The comments stemmed from the sale by Rutland Partners of poultry products producer Bernard Matthews via a pre-pack insolvency procedure that saw the company’s pension scheme and its £17.5 million ($22.6 million; €20.7 million) deficit pass to the UK’s Pension Protection Fund, a ‘lifeboat’ for failing UK retirement plans. While the liabilities were shed, the assets were sold for £87.5 million, with creditors – including Rutland – receiving the majority of the proceeds.
For some, the structure of the deal revealed the difficulty of reconciling competing interests when firms exit via a pre-pack. “There is a tension between achieving an acceptable return for investors where there appears to be an immediate surplus, and planning for the longer term,” says Joe Bannister, a finance practice partner at law firm Hogan Lovells.
Pre-pack sales by private equity have previously made headlines. HIG Europe’s sale of bedding retailer Silent Night and transfer of £100 million of pension liabilities to the PPF in 2011 is still being investigated, and in 2008 Duke Street Capital paid £8 million into the Focus DIY pension after its pre-pack sale.
Despite their portrayal, private equity firms are often not the drivers behind a pre-pack, and the outcome depends on the original deal structure.
“The decision to execute a pre-pack sale is the administrator’s – in the case of Bernard Matthews it was Deloitte’s decision,” a person with knowledge of the deal told Private Equity International. “And in a pre-pack the administrator’s obligation is to all stakeholders. With Bernard Matthews, Rutland’s money went in as high yielding debt behind the first charge lenders but ahead of the pension fund. So it held a certain position in the security chain, struck at the time of the deal, and that’s how it was returned.”

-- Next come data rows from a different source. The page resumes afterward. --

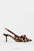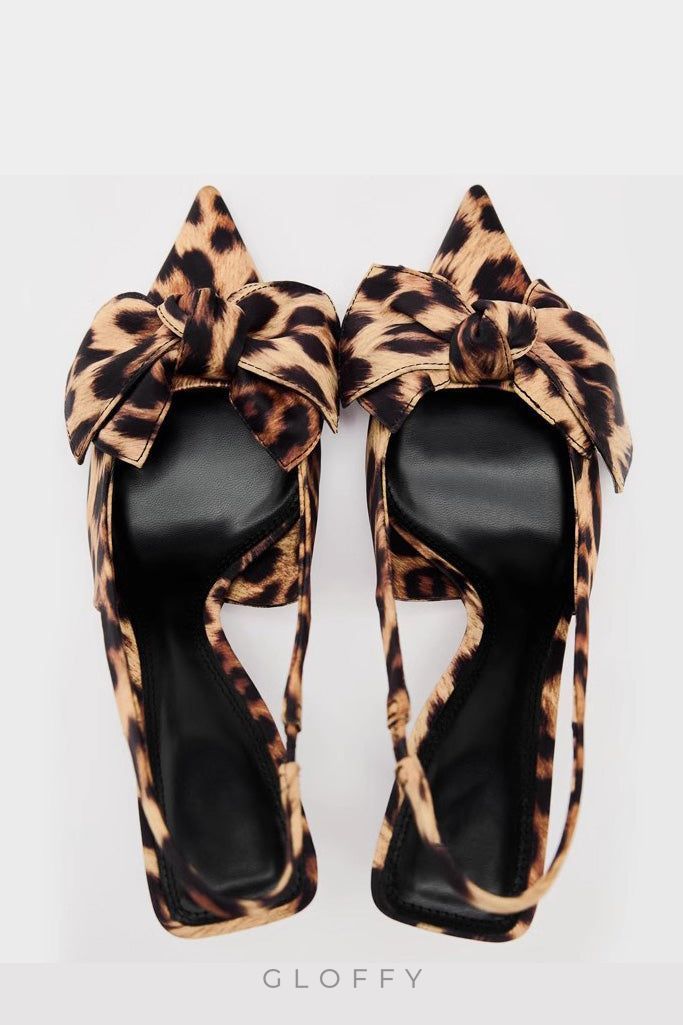 - Tasarım: Leopar desenli, kelebek fiyonk detaylı ve yan kesimli sivri burunlu ayakkabı
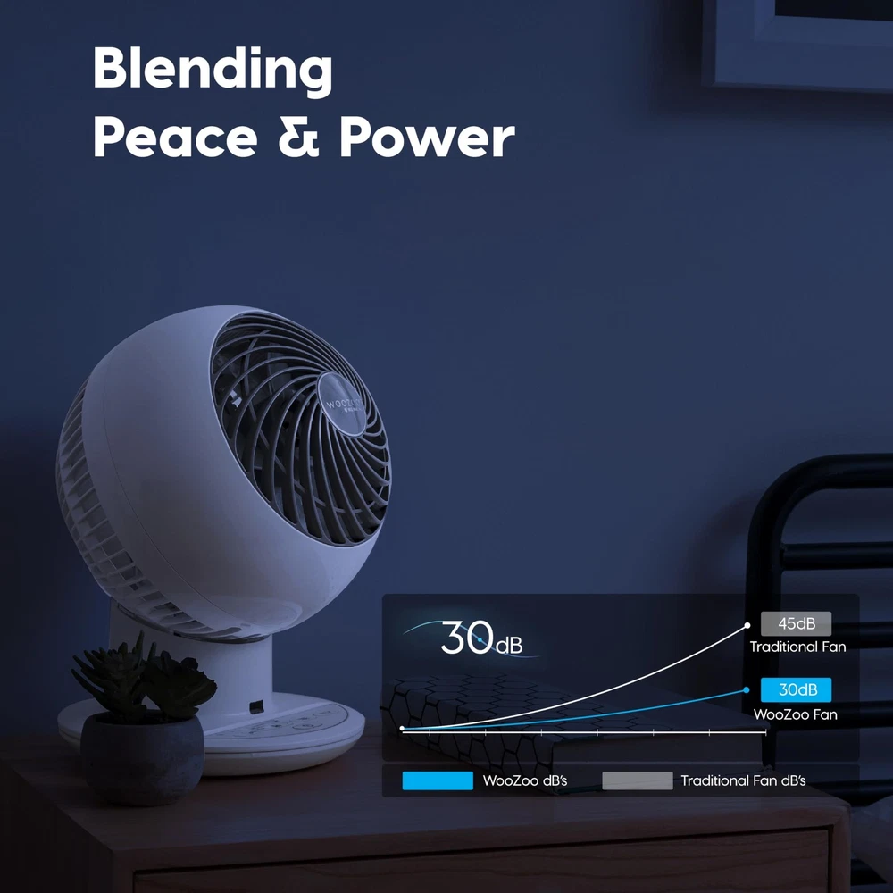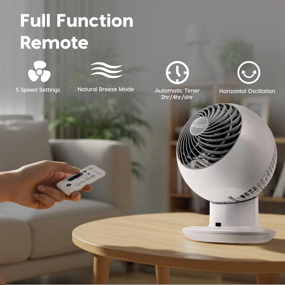 OSCILLATION – Achieve full room auto circulation like never before with WOOZOO oscillation. Set the fan to oscillate 65° to the left and right to ensure airflow reaches every corner of the room, and adjust the head to of six set angles. REMOTE - Change your settings without changing your seat. The remote gives you full control over the settings on your fan; switching the power on and off, changing the mode, changing the speed, auto-oscillation, and setting a timer. TIMER - Fall asleep to a cool breeze without leaving the fan on all night. With the timer function, you can set it to 1, 2, or 4 hours and the fan will shut off automatically, saving you money without having to sacrifice on comfort. QUIET - Emitting only 30 dB of noise, the WOOZOO circulator is perfect for when you need a breeze while trying to sleep or study, or just want to be cool and relax without any loud noises or distractions. GREAT SIZE – The small desktop fan is lightweight and portable. Allows you to move your circulator fan easily from room to another. Dimensions: 8.27"L x 8.27"W x 11.42"H, fits neatly on desks, countertops, and nightstands.
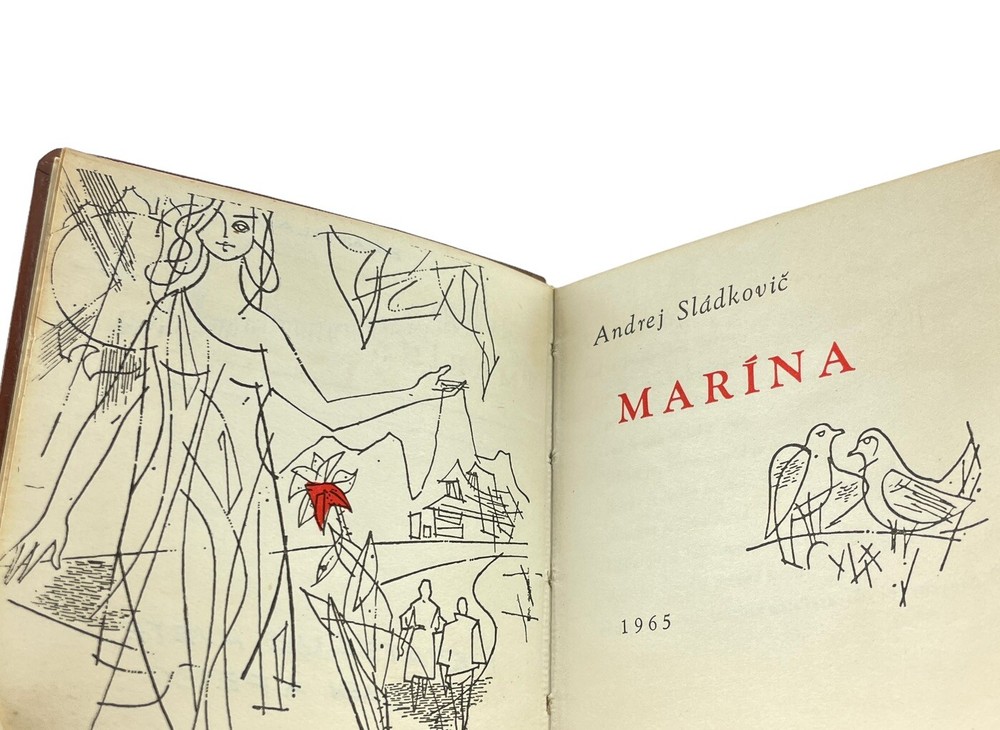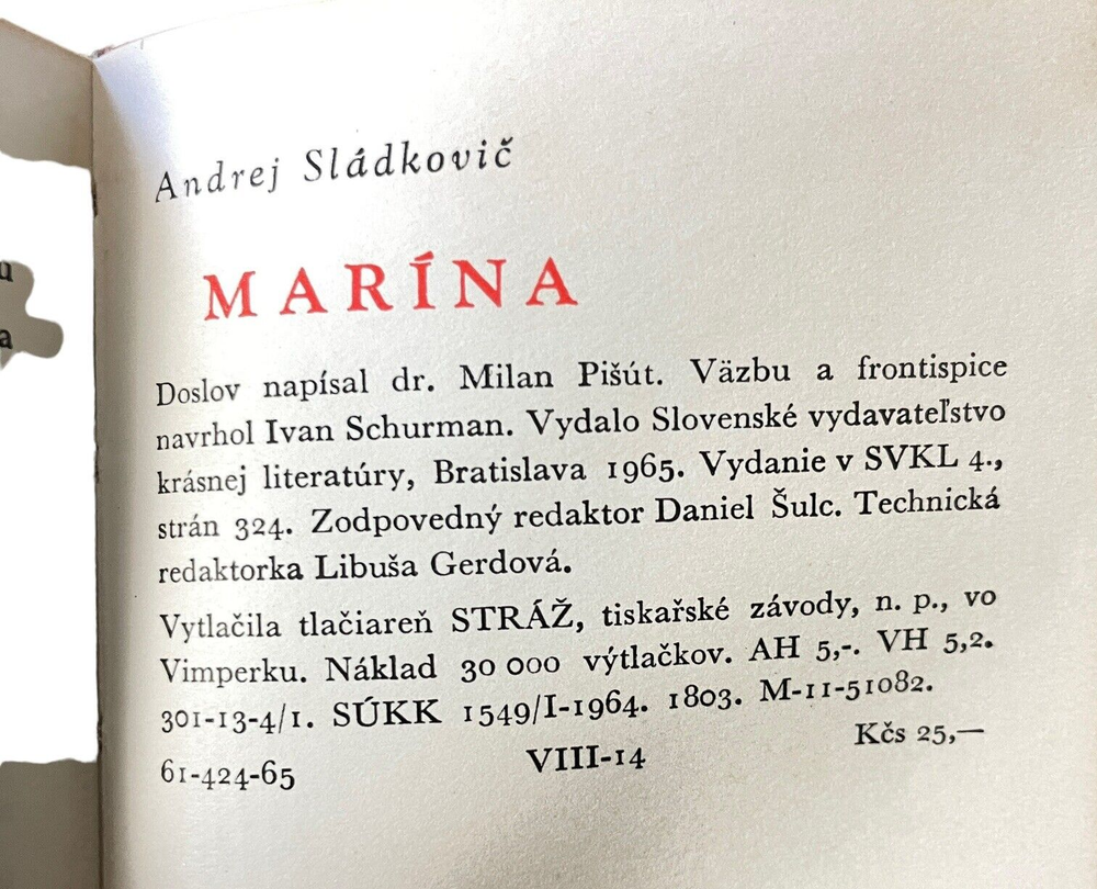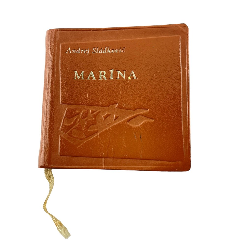 Andrej Sladkovic Marina Poetry Book Features the longing and love the poet has for Marina. Language: Czech Literary genre: Lyric Front piece designed by Ivan Schurman. Slovak Publishing 1965 Leather Bound and Embossed Size: 3.25x3.25" Condition: Good pre-owned condition. Light wear on cover. S hips promptly. Thank you! 202404 B01 1 4o
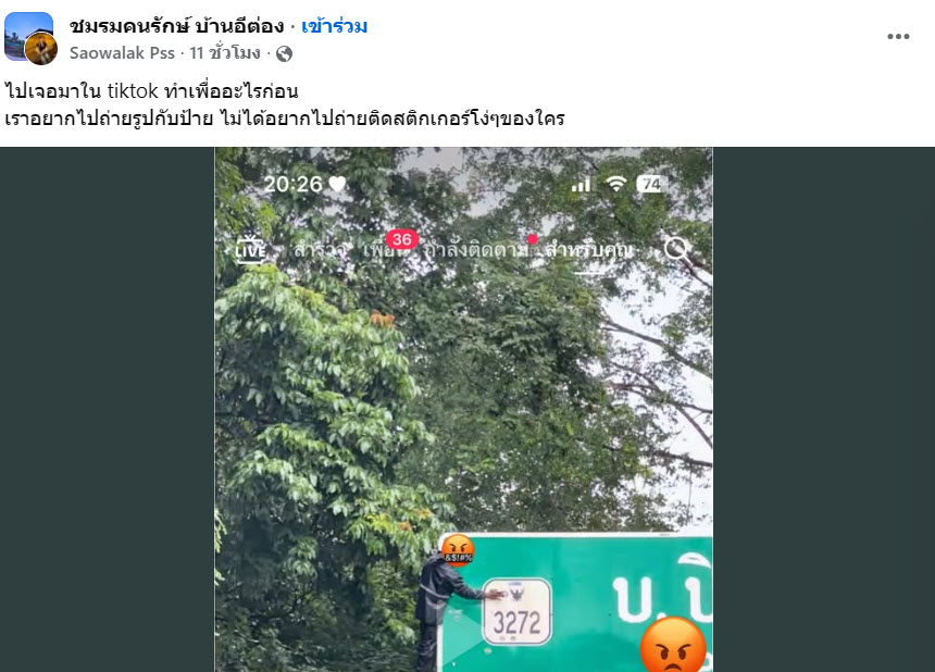 ล่าสุด ทางด้านผู้ใช้เฟสบุ๊ก Saowalak Pss ได้โพสต์ภาพที่เจอมาใน TikTok ซึ่งเป็นพฤติกรรมของวัยรุ่นสองล้อที่ขึ้นไปติดสติ๊กเกอร์บนป้ายบอกทางบ้านปิล็อก กาญจนบุรี โดยได้โพสต์ระบุว่า…
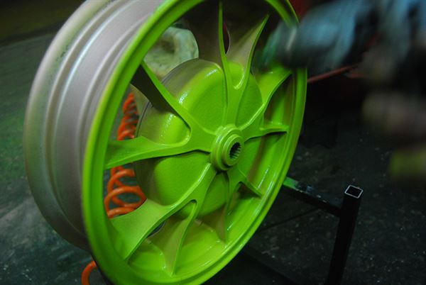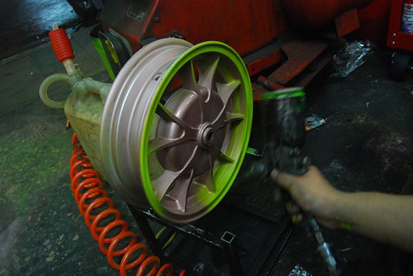 輪框噴漆準備與開始

Rutland declined to comment.
When considering a pre-pack sale involving a deficit-plagued pension, telling regulators early is crucial. “The PPF has said it expects to be consulted very early and the earlier it is consulted the more likely it is it will be able to take part” in a restructuring, says Bannister.
In the case of Bernard Matthews, the Pensions Regulator itself analysed the original 2013 deal, knew the pension fund was subordinate to Rutland and “decided not to raise an objection or encourage the trustees to seek to prevent the transaction, which would have triggered insolvency at that point”, the watchdog said in a letter to the UK government’s Work and Pensions committee.
While scrutiny of a pre-pack sale often falls on the private equity firm, the position of creditors relative to the company is approved by management at the outset of the deal, Bannister says.
The UK government is currently holding an inquiry into the regulation of private sector defined benefit schemes, with suggestions that insolvency rules be changed to advantage the pension fund over other creditors. One European turnaround practitioner says if the rules changed in this way it would stop them doing deals. “If we were looking at a rescue deal and the pension fund had a position that ranked equal or ahead of us, we wouldn’t do it. After the Bernard Matthews case, all investors will need clarity,” he says.